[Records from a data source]
##########
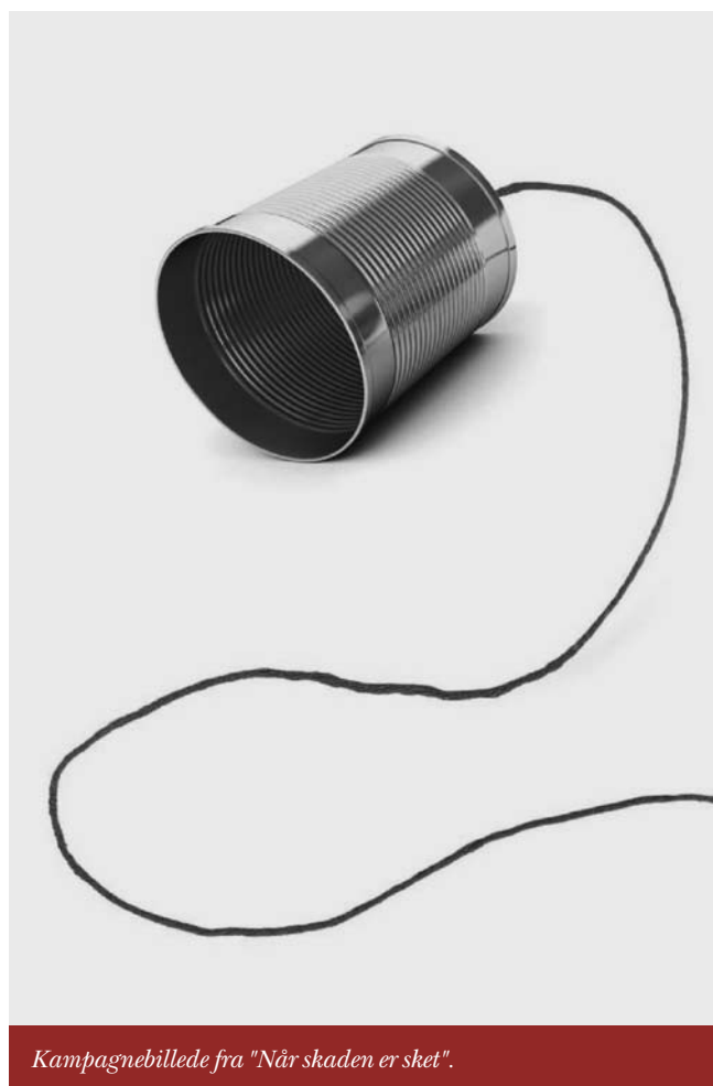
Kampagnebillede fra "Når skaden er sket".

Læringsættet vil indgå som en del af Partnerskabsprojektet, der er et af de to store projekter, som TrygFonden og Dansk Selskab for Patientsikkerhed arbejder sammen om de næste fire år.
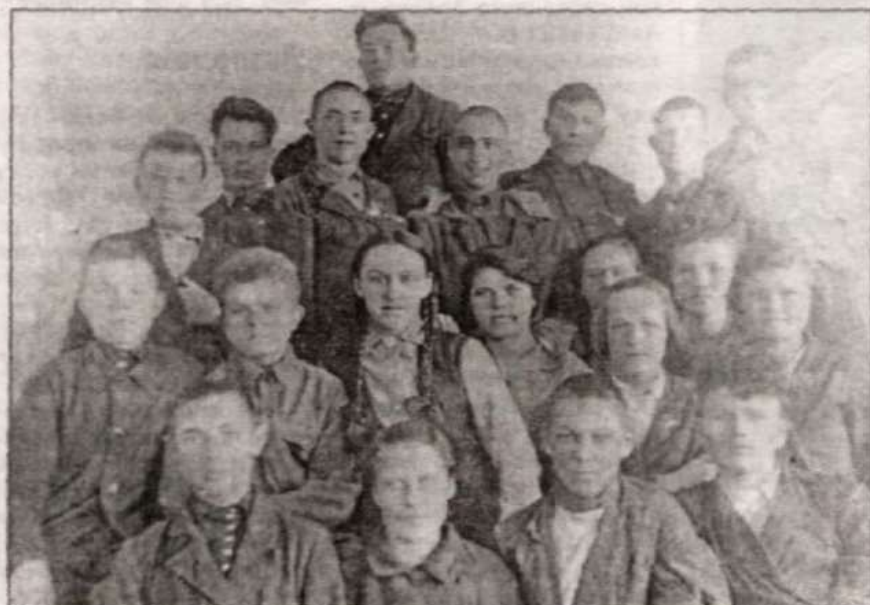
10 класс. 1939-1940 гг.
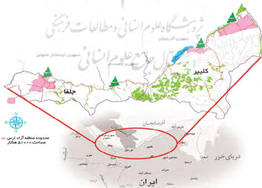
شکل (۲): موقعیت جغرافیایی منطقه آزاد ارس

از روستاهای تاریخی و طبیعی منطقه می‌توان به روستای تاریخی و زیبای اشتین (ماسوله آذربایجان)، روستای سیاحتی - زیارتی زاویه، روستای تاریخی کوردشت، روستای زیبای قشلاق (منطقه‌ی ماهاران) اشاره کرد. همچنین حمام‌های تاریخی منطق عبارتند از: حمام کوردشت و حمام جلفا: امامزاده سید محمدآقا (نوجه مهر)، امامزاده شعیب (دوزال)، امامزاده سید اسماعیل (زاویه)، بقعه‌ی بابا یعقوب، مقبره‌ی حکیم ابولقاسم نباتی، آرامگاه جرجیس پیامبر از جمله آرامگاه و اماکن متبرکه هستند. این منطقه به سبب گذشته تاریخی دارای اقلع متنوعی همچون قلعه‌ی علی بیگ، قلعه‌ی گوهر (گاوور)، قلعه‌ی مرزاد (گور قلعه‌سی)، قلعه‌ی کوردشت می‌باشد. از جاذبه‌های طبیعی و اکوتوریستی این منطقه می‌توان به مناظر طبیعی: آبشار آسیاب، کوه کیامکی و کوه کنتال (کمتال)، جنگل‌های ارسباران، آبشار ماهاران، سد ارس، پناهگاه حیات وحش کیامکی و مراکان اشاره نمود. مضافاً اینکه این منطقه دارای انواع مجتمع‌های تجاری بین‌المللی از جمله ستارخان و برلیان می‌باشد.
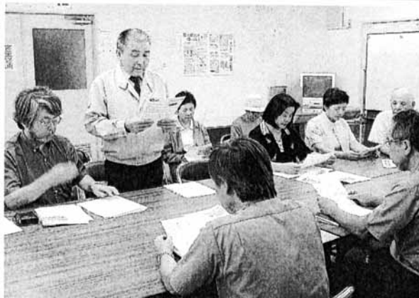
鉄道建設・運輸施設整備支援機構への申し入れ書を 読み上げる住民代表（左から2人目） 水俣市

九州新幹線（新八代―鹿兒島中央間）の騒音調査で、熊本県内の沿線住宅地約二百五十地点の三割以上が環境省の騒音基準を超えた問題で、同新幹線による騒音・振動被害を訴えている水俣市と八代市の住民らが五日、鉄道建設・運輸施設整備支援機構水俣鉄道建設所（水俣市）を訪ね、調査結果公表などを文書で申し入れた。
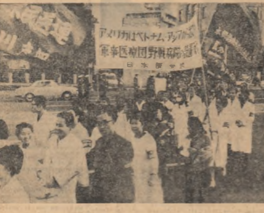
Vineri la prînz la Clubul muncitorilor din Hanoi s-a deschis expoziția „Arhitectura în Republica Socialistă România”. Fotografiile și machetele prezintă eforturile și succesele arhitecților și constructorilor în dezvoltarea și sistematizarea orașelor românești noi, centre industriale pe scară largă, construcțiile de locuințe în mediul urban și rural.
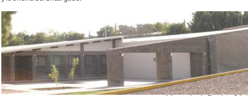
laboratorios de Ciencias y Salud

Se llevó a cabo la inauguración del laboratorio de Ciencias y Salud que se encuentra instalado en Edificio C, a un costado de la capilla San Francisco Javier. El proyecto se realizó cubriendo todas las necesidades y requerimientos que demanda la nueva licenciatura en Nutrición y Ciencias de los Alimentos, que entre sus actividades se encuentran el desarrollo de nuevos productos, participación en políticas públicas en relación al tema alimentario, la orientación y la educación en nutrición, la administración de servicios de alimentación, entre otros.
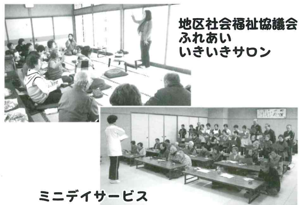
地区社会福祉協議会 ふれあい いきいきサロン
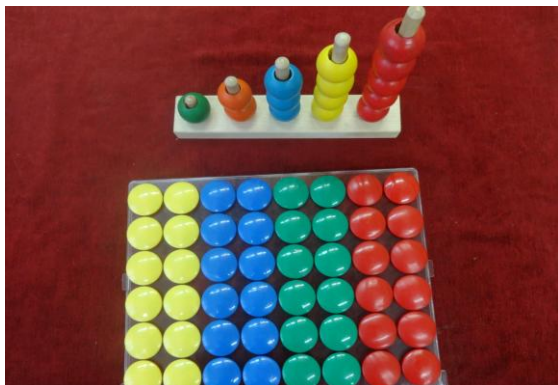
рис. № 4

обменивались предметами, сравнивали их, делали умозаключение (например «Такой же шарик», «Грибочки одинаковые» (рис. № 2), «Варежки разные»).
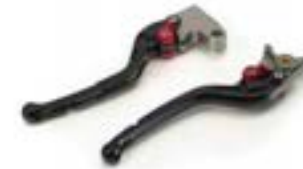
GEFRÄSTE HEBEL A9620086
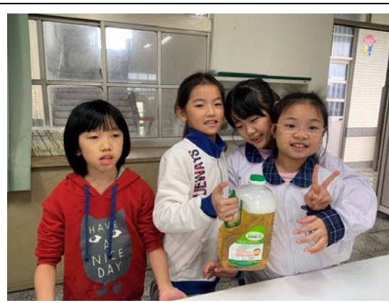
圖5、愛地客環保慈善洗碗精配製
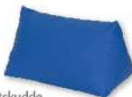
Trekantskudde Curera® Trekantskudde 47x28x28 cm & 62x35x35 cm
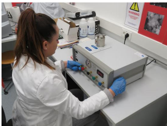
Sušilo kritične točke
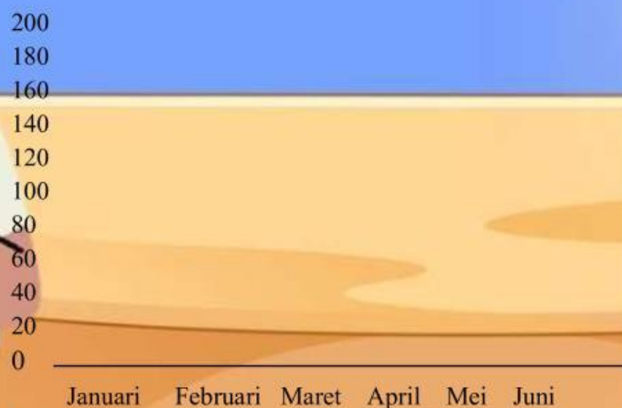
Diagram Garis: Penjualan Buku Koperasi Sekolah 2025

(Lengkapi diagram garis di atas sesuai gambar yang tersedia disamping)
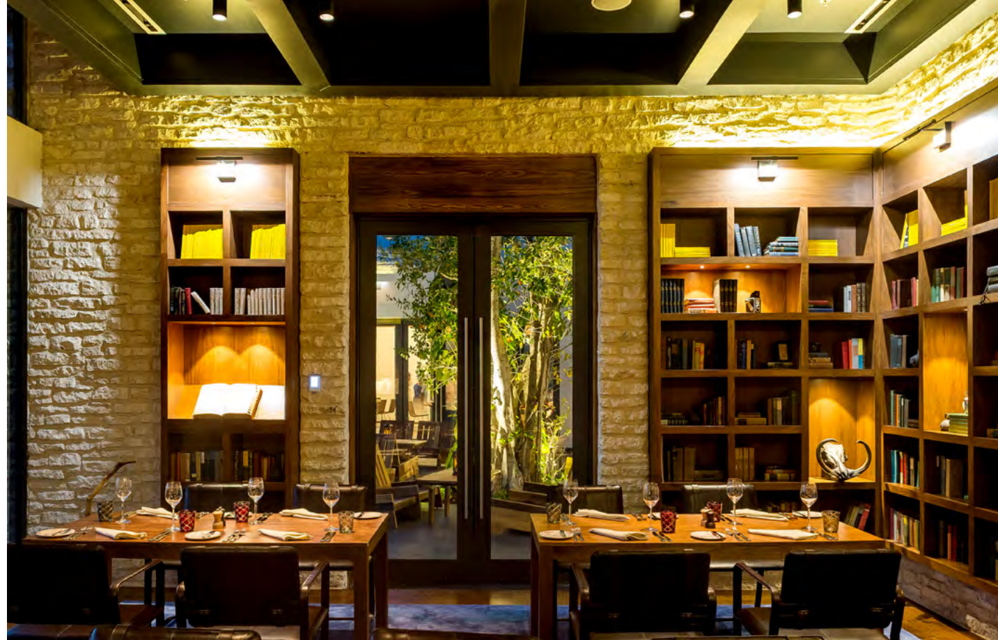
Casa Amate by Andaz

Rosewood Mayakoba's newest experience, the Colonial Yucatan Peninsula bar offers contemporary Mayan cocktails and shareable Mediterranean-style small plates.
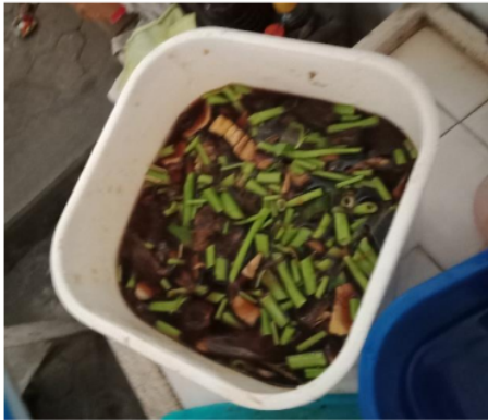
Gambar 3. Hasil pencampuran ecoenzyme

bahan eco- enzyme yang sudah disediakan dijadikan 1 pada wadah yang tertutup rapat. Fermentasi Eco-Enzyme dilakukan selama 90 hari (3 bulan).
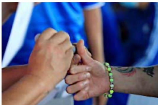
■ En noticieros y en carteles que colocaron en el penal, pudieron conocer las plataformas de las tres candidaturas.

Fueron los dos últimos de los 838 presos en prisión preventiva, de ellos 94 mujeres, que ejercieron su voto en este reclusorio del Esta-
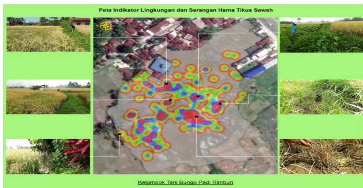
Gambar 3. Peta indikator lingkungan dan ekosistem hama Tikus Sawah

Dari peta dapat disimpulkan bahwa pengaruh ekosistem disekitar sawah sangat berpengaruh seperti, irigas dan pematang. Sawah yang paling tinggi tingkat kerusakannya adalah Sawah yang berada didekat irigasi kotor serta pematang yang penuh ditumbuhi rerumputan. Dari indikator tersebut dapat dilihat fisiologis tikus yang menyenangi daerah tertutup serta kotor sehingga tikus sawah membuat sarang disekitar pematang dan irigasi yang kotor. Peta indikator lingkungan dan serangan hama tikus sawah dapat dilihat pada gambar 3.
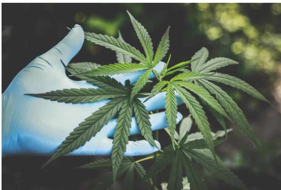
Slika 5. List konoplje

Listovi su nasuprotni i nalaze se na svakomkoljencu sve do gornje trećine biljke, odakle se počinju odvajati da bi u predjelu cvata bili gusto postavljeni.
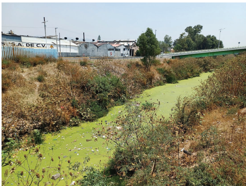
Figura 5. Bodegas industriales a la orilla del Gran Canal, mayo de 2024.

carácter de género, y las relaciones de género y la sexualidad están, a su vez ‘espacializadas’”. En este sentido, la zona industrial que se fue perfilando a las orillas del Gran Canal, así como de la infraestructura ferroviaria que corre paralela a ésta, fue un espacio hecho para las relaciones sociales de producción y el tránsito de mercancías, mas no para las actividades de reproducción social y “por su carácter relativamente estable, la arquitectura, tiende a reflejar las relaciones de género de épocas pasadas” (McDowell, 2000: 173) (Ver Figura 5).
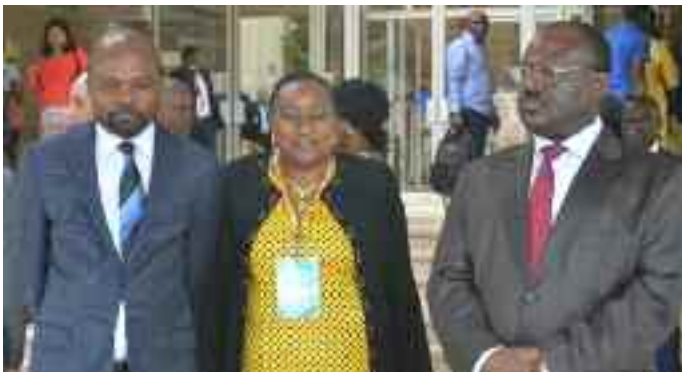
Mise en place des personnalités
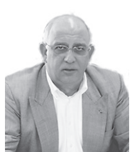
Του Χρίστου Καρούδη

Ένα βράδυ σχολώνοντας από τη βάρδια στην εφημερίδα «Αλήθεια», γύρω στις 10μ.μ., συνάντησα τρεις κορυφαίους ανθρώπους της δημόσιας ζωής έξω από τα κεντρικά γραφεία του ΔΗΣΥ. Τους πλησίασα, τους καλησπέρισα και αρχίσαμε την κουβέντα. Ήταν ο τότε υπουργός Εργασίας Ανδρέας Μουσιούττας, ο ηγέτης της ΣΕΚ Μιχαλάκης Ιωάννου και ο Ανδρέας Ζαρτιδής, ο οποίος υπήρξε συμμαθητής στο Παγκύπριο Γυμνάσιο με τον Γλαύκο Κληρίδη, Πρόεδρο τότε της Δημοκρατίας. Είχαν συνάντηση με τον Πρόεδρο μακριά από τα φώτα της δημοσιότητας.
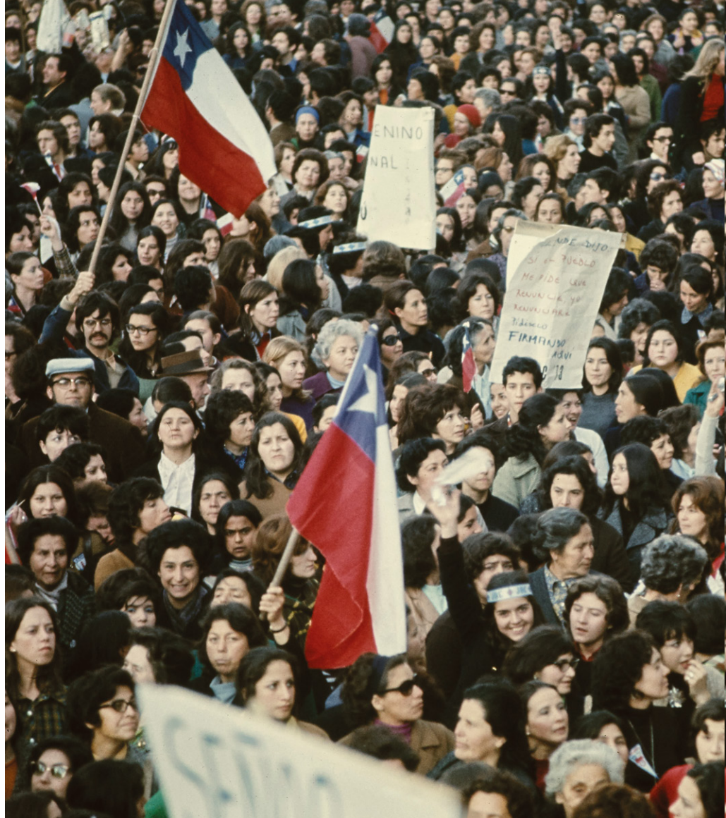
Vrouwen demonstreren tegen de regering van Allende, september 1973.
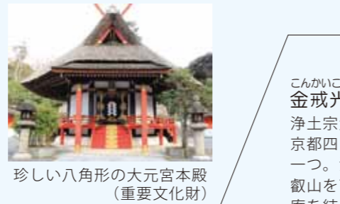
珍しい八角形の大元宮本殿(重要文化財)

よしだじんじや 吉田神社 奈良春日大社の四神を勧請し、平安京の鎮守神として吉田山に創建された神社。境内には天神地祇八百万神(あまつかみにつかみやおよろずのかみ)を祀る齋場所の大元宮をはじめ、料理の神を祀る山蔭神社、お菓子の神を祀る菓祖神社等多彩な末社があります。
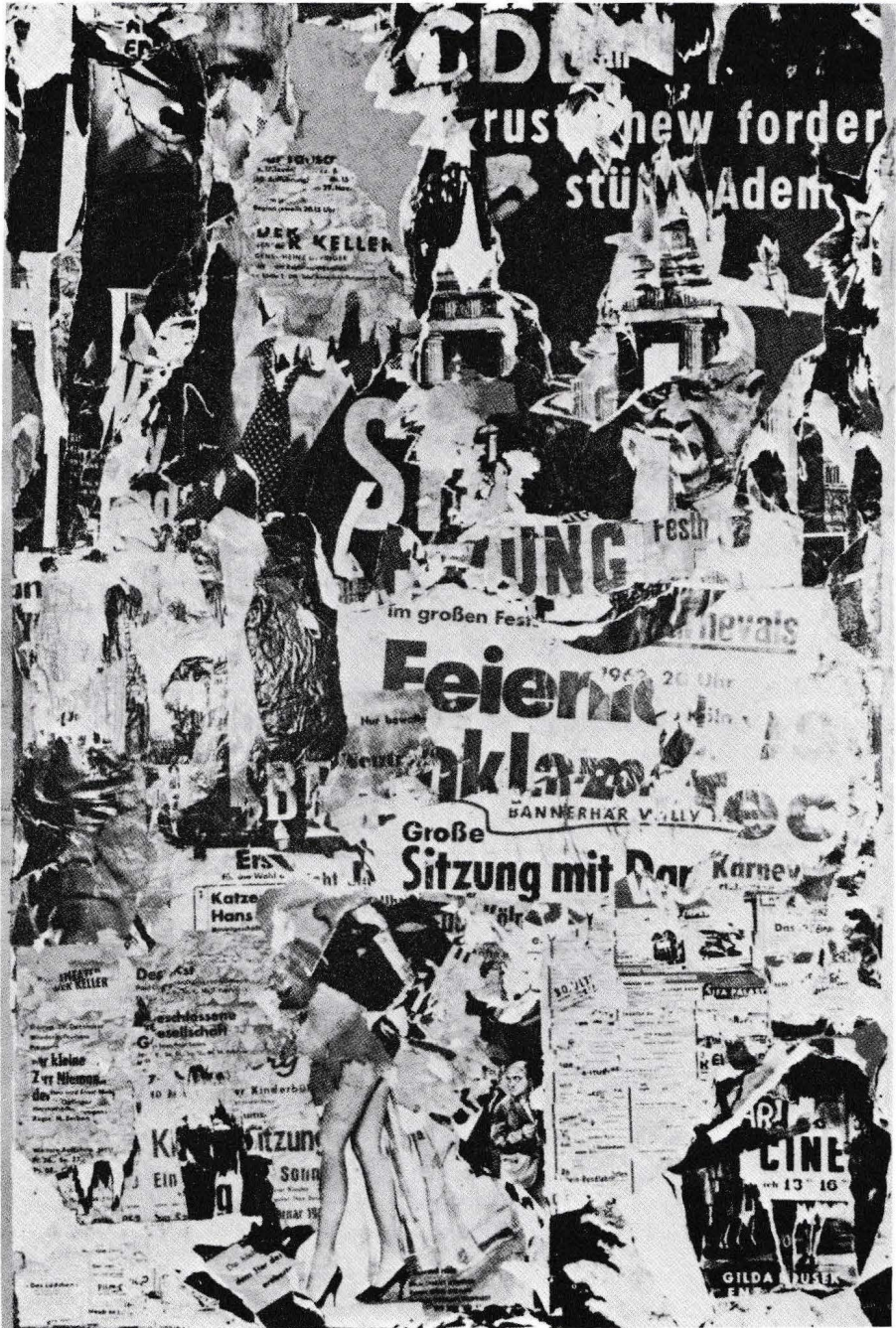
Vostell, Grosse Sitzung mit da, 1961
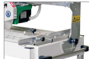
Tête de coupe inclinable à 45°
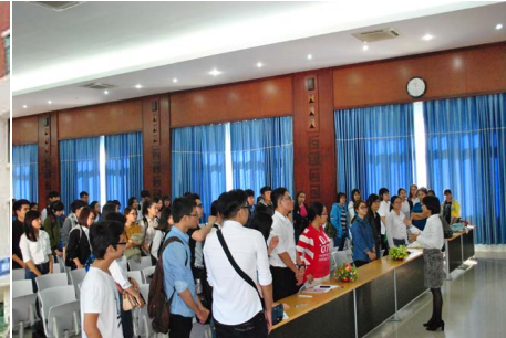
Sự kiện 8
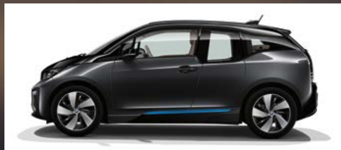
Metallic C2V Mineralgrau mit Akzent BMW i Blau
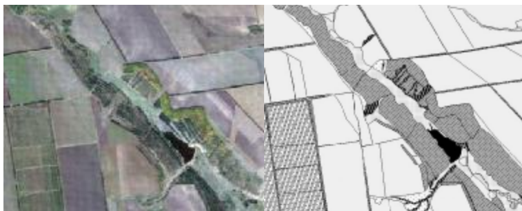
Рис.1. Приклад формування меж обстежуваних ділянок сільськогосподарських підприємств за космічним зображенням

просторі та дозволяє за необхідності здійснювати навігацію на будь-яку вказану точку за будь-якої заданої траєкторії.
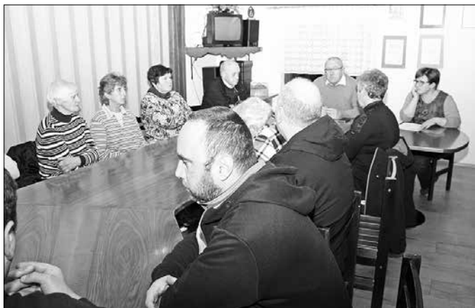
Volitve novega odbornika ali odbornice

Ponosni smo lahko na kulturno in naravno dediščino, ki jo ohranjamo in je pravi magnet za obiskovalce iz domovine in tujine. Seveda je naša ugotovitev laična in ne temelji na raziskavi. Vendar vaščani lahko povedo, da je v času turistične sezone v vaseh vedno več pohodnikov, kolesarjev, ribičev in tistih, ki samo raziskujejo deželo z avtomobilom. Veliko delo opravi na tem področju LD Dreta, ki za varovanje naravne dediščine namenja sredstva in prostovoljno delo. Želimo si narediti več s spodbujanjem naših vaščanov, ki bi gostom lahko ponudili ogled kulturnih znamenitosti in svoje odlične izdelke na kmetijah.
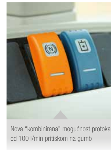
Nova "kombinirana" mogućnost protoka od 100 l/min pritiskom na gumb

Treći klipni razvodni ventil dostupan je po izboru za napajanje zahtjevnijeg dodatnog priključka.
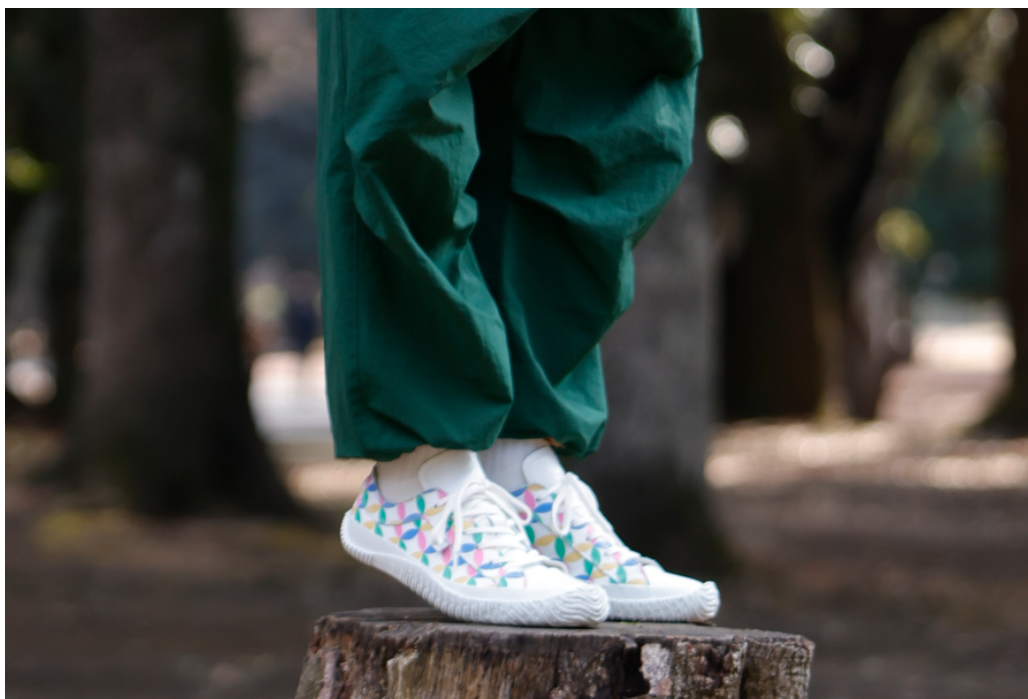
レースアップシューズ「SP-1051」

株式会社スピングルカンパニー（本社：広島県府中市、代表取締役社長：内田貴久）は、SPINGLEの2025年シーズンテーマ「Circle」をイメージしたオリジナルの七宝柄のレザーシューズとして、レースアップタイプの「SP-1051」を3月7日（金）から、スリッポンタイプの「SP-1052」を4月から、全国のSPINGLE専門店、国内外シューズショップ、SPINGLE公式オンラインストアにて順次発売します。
##########
## What the exercise asks
An exact copy of the lines above from the one with "10 класс. 1939-1940 гг." up to and including the one with "laboratorios de Ciencias y Salud" is required; reproduce only those lines, omitting all pictures.

## Exercise response
10 класс. 1939-1940 гг.
شکل (۲): موقعیت جغرافیایی منطقه آزاد ارس

از روستاهای تاریخی و طبیعی منطقه می‌توان به روستای تاریخی و زیبای اشتین (ماسوله آذربایجان)، روستای سیاحتی - زیارتی زاویه، روستای تاریخی کوردشت، روستای زیبای قشلاق (منطقه‌ی ماهاران) اشاره کرد. همچنین حمام‌های تاریخی منطق عبارتند از: حمام کوردشت و حمام جلفا: امامزاده سید محمدآقا (نوجه مهر)، امامزاده شعیب (دوزال)، امامزاده سید اسماعیل (زاویه)، بقعه‌ی بابا یعقوب، مقبره‌ی حکیم ابولقاسم نباتی، آرامگاه جرجیس پیامبر از جمله آرامگاه و اماکن متبرکه هستند. این منطقه به سبب گذشته تاریخی دارای اقلع متنوعی همچون قلعه‌ی علی بیگ، قلعه‌ی گوهر (گاوور)، قلعه‌ی مرزاد (گور قلعه‌سی)، قلعه‌ی کوردشت می‌باشد. از جاذبه‌های طبیعی و اکوتوریستی این منطقه می‌توان به مناظر طبیعی: آبشار آسیاب، کوه کیامکی و کوه کنتال (کمتال)، جنگل‌های ارسباران، آبشار ماهاران، سد ارس، پناهگاه حیات وحش کیامکی و مراکان اشاره نمود. مضافاً اینکه این منطقه دارای انواع مجتمع‌های تجاری بین‌المللی از جمله ستارخان و برلیان می‌باشد.
鉄道建設・運輸施設整備支援機構への申し入れ書を 読み上げる住民代表（左から2人目） 水俣市

九州新幹線（新八代―鹿兒島中央間）の騒音調査で、熊本県内の沿線住宅地約二百五十地点の三割以上が環境省の騒音基準を超えた問題で、同新幹線による騒音・振動被害を訴えている水俣市と八代市の住民らが五日、鉄道建設・運輸施設整備支援機構水俣鉄道建設所（水俣市）を訪ね、調査結果公表などを文書で申し入れた。
Vineri la prînz la Clubul muncitorilor din Hanoi s-a deschis expoziția „Arhitectura în Republica Socialistă România”. Fotografiile și machetele prezintă eforturile și succesele arhitecților și constructorilor în dezvoltarea și sistematizarea orașelor românești noi, centre industriale pe scară largă, construcțiile de locuințe în mediul urban și rural.
laboratorios de Ciencias y Salud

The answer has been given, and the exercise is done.